Fortunately, it is easy to convert this into a data frame if we prefer that structure (for plotting, for example).
str(Post5.9 %>% data.frame())
## 'data.frame': 10000 obs. of 5 variables:
## $ sigma: num 0.513 0.742 0.755 0.595 0.66 ...
## $ a.1 : num -0.557 -0.285 -0.209 -0.224 -0.358 ...
## $ a.2 : num 0.0974 0.5181 0.4566 0.246 0.0369 ...
## $ a.3 : num 0.689 0.381 0.648 0.813 0.59 ...
## $ a.4 : num -0.8358 -0.7027 -0.0855 -0.4524 -0.4745 ...
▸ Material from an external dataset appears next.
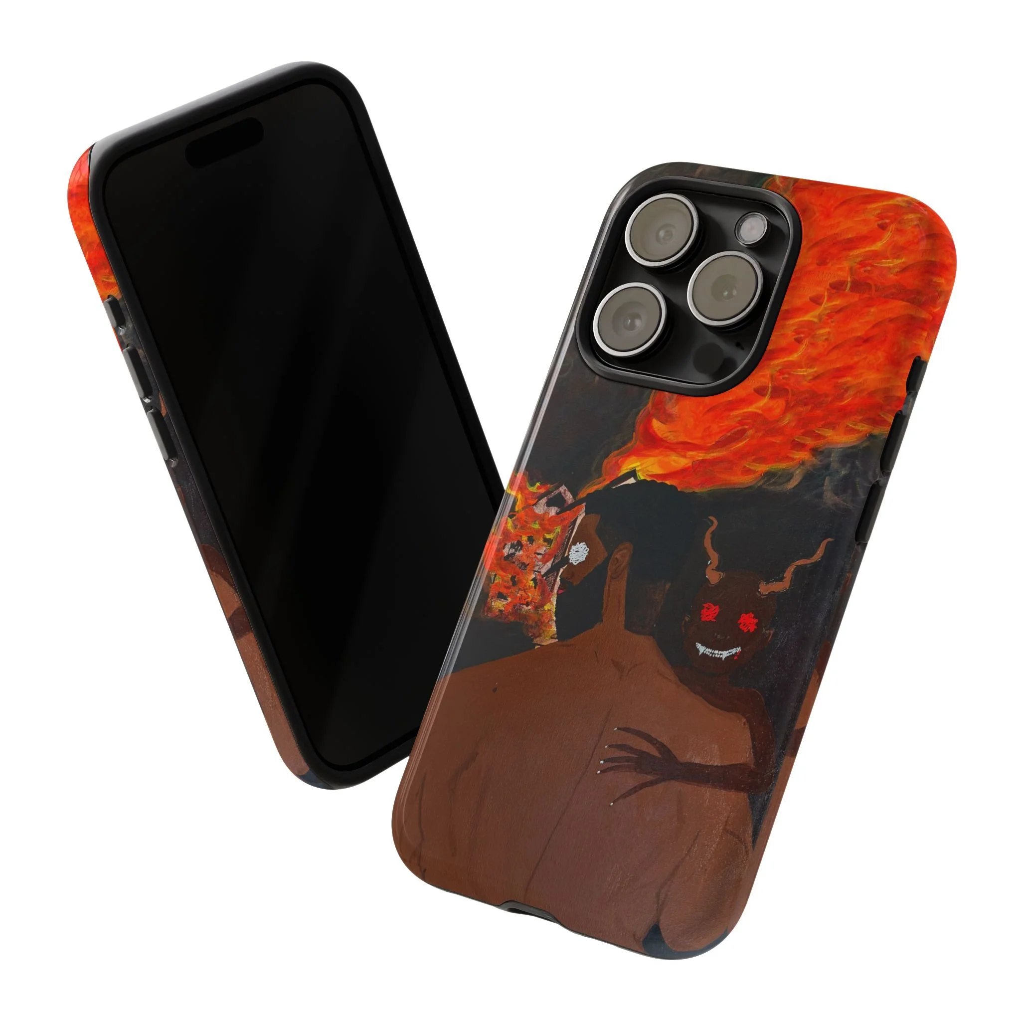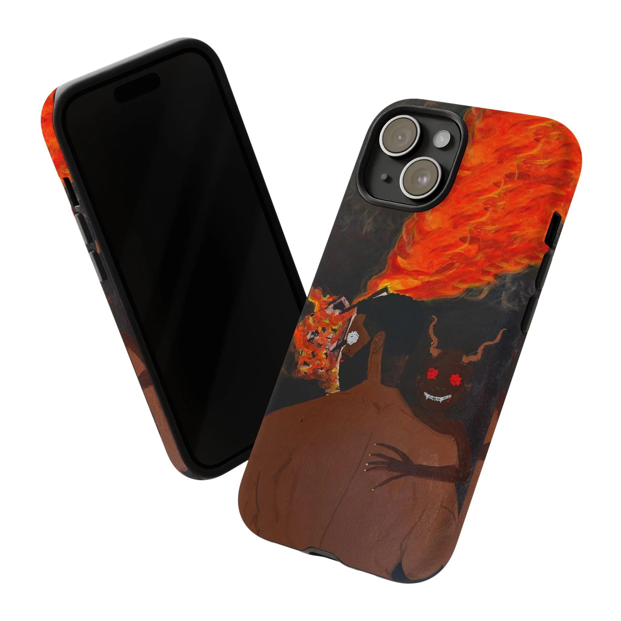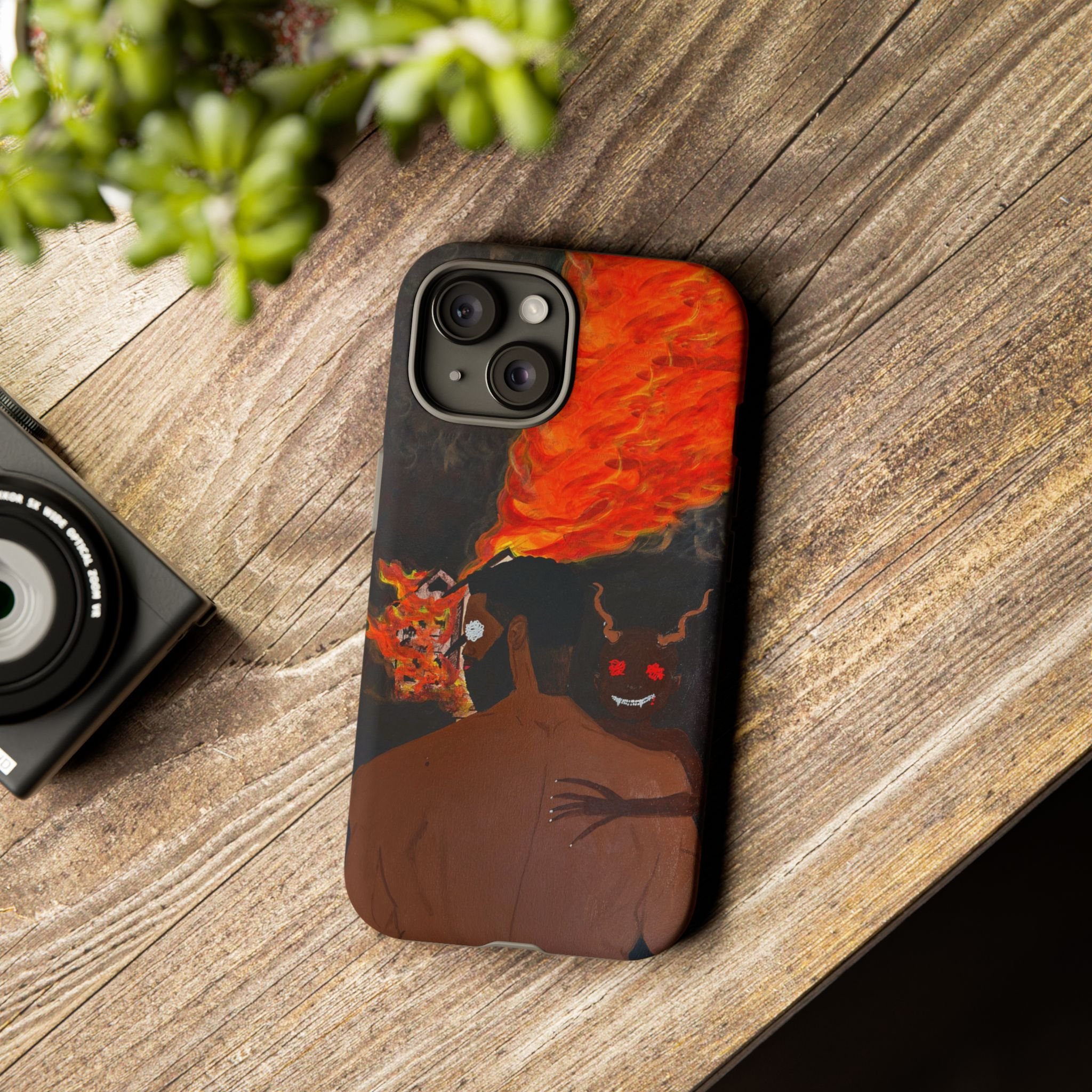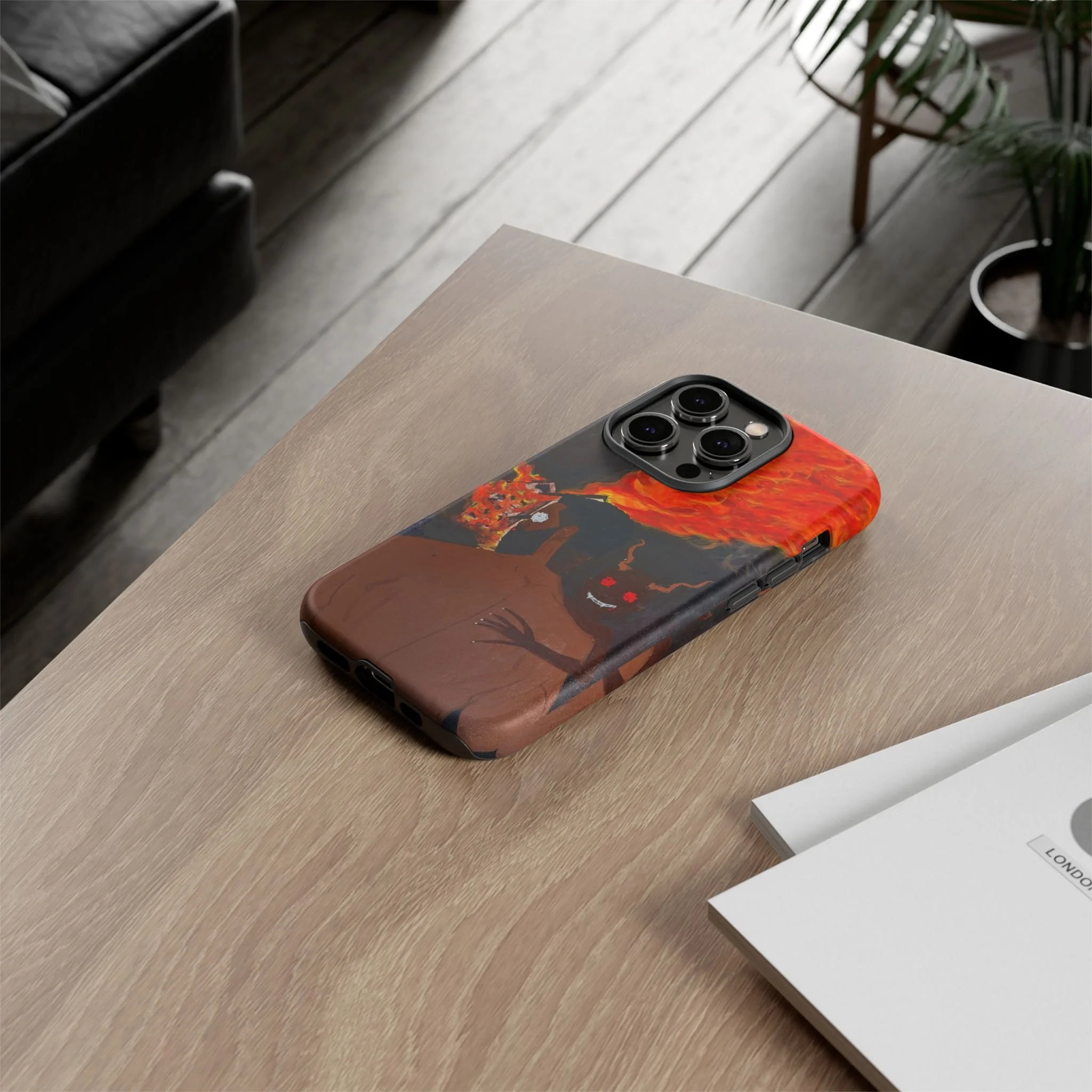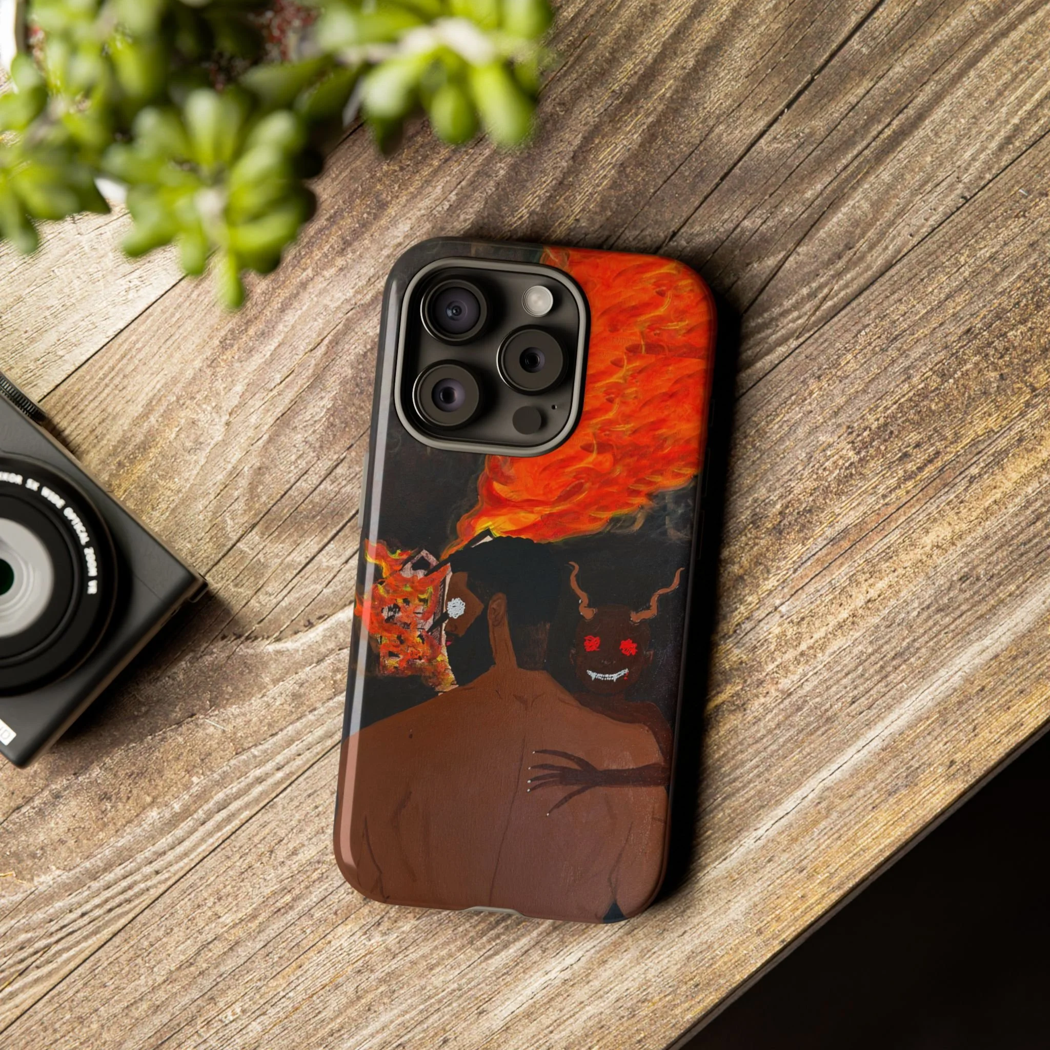 This tough phone case carries attitude — a dark, hand-painted scene with flickering flames and a shadowy figure that feels part myth, part urban legend. The dual-layer shell and soft TPU liner work together to absorb shocks and guard your device while the full-wrap print keeps the artwork vivid across the edges. It wears well on daily commutes and late-night walks, adding a raw, expressive edge to a pocket or bag. Built to handle drops and everyday knocks, it also resists outdoor fading thanks to UV protection. Keep it dry and away from heavy alcohol-based products to preserve the finish, and you'll have striking protection that keeps its story intact.

precis(Post5.9, depth = 2)
## mean sd 5.5% 94.5% histogram
## sigma 0.7204276 0.09769931 0.56374050 0.8752755 ▁▁▂▇▇▃▁▁▁
## a[1] -0.4822450 0.21704692 -0.83152325 -0.1381971 ▁▁▁▅▇▅▂▁▁▁
## a[2] 0.3657909 0.21532564 0.02373309 0.7107818 ▁▁▁▃▇▇▂▁▁
## a[3] 0.6760220 0.25542134 0.26656987 1.0802727 ▁▁▁▂▅▇▅▂▁▁▁
## a[4] -0.5861043 0.27328384 -1.02943353 -0.1466456 ▁▁▂▃▇▇▃▂▁▁
precis(Post5.9 %>% data.frame())
## mean sd 5.5% 94.5% histogram
## sigma 0.7204276 0.09769931 0.56374050 0.8752755 ▁▁▂▇▇▃▁▁▁
## a.1 -0.4822450 0.21704692 -0.83152325 -0.1381971 ▁▁▁▅▇▅▂▁▁▁
## a.2 0.3657909 0.21532564 0.02373309 0.7107818 ▁▁▁▃▇▇▂▁▁
## a.3 0.6760220 0.25542134 0.26656987 1.0802727 ▁▁▁▂▅▇▅▂▁▁▁
## a.4 -0.5861043 0.27328384 -1.02943353 -0.1466456 ▁▁▂▃▇▇▃▂▁▁
GGally::ggpairs(Post5.9 %>% data.frame())
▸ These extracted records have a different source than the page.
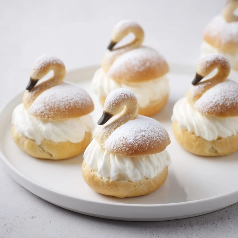 Save to Pinterest Charming, light choux pastry swans filled with vanilla cream and dusted with powdered sugar—perfect for an elegant dessert or tea-time treat.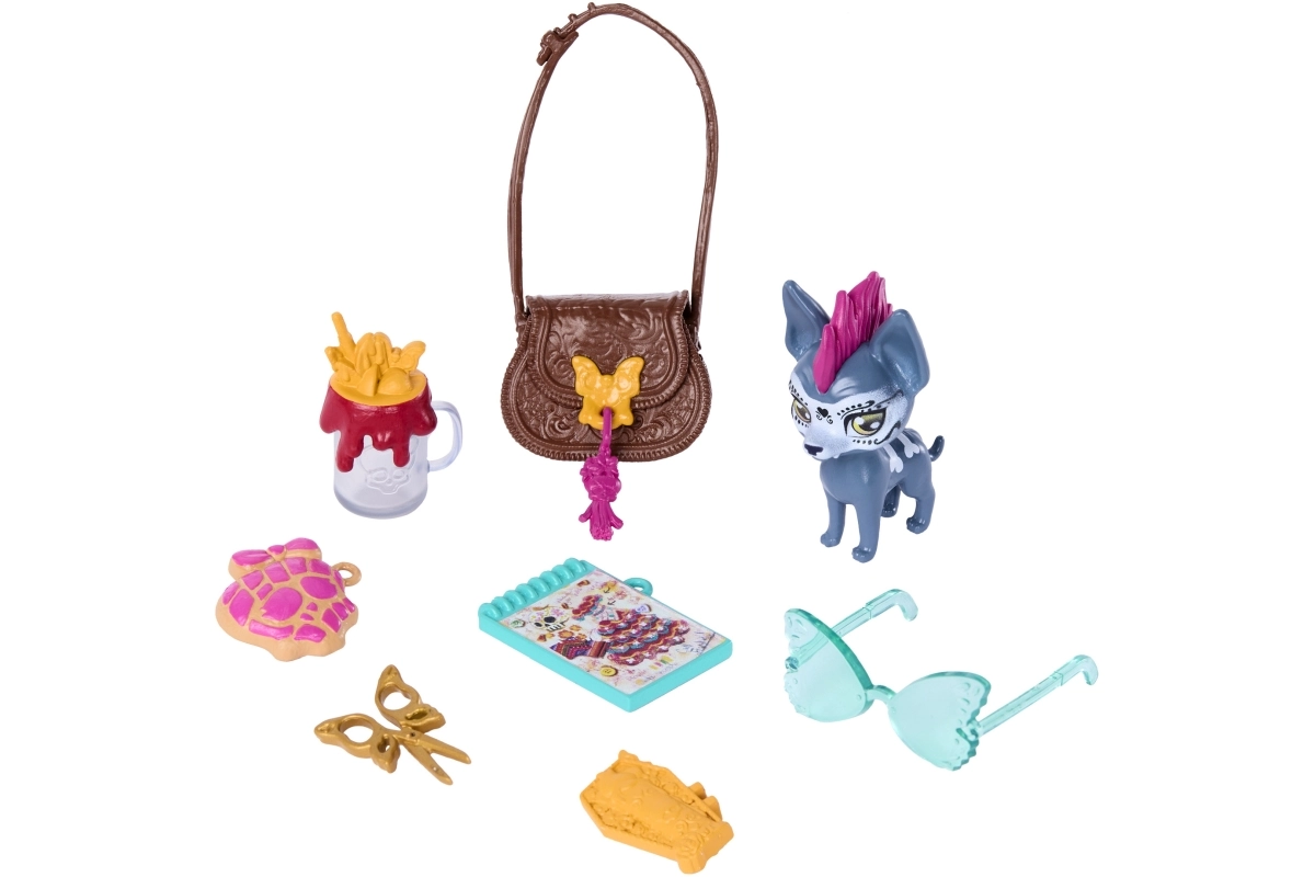 Il set include il dolce animaletto Candelita e sei accessori a tema – ad esempio borsetta, occhiali da sole, taccuino e bevanda. Con essi i bambini possono sviluppare la fantasia, combinare outfit e creare storie tra i corridoi della MONSTER HIGH.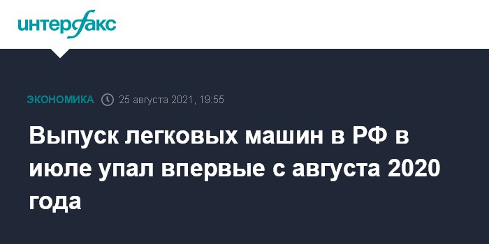 Москва. 25 августа. INTERFAX.RU - Производство легковых автомобилей в России в июле 2021 года впервые с августа прошлого года показало отрицательную динамику, снизившись в годовом выражении на 8,8%, до 102 тысяч штук. Это следует из данных Росстата и расчетов "Интерфакса" на основании публикаций ведомства за предыдущие периоды.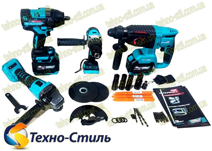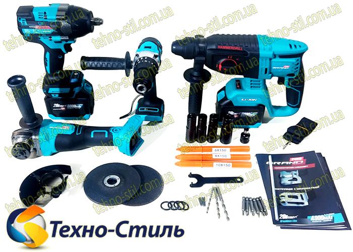 Набор-4 PROF GRAND аккумуляторных инструментов (МШУ-20BL/PRO + ДА-20/13UBL/PRO+ АГ-800UBL+ПА-20/26BL)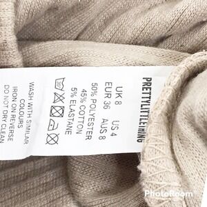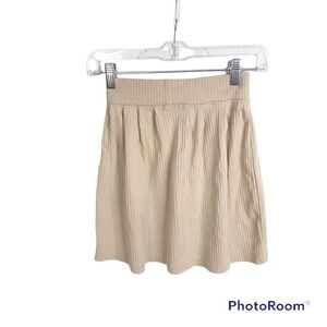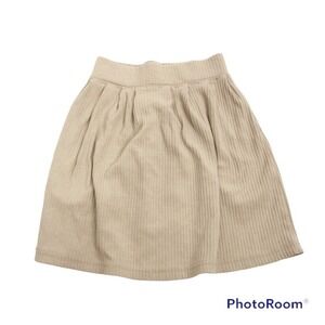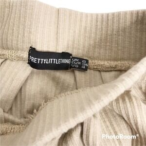 Pretty Little Thing ribbed aline skirt. Color is a light tan, beige. Ribbed textured throughout. Thick ribbed elastic waistband for best fit. Aline flare.

## Registered S3 method overwritten by 'GGally':
## method from
## +.gg ggplot2
How can we use this model to compare two of the groups?
Post5.9 %>% data.frame() %>%
mutate(d12 = a.2 - a.1) %>%
gf_dens(~ d12)
Milk <-
Milk %>%
mutate(
K = standardize(kcal.per.g), # we already did this, so this is just a reminder
N = rethinking::standardize(neocortex.perc),
M = standardize(log(mass))
)
# This fails.
m5.5_draft <-
quap(
alist(
K ~ dnorm(mu, sigma),
mu <- a + b_N * N,
a ~ dnorm(0, 1),
b_N ~ dnorm(0, 1),
sigma ~ dexp(1)
),
data = Milk
)
## Error in quap(alist(K ~ dnorm(mu, sigma), mu <- a + b_N * N, a ~ dnorm(0, : initial value in 'vmmin' is not finite
## The start values for the parameters were invalid. This could be caused by missing values (NA) in the data or by start values outside the parameter constraints. If there are no NA values in the data, try using explicit start values.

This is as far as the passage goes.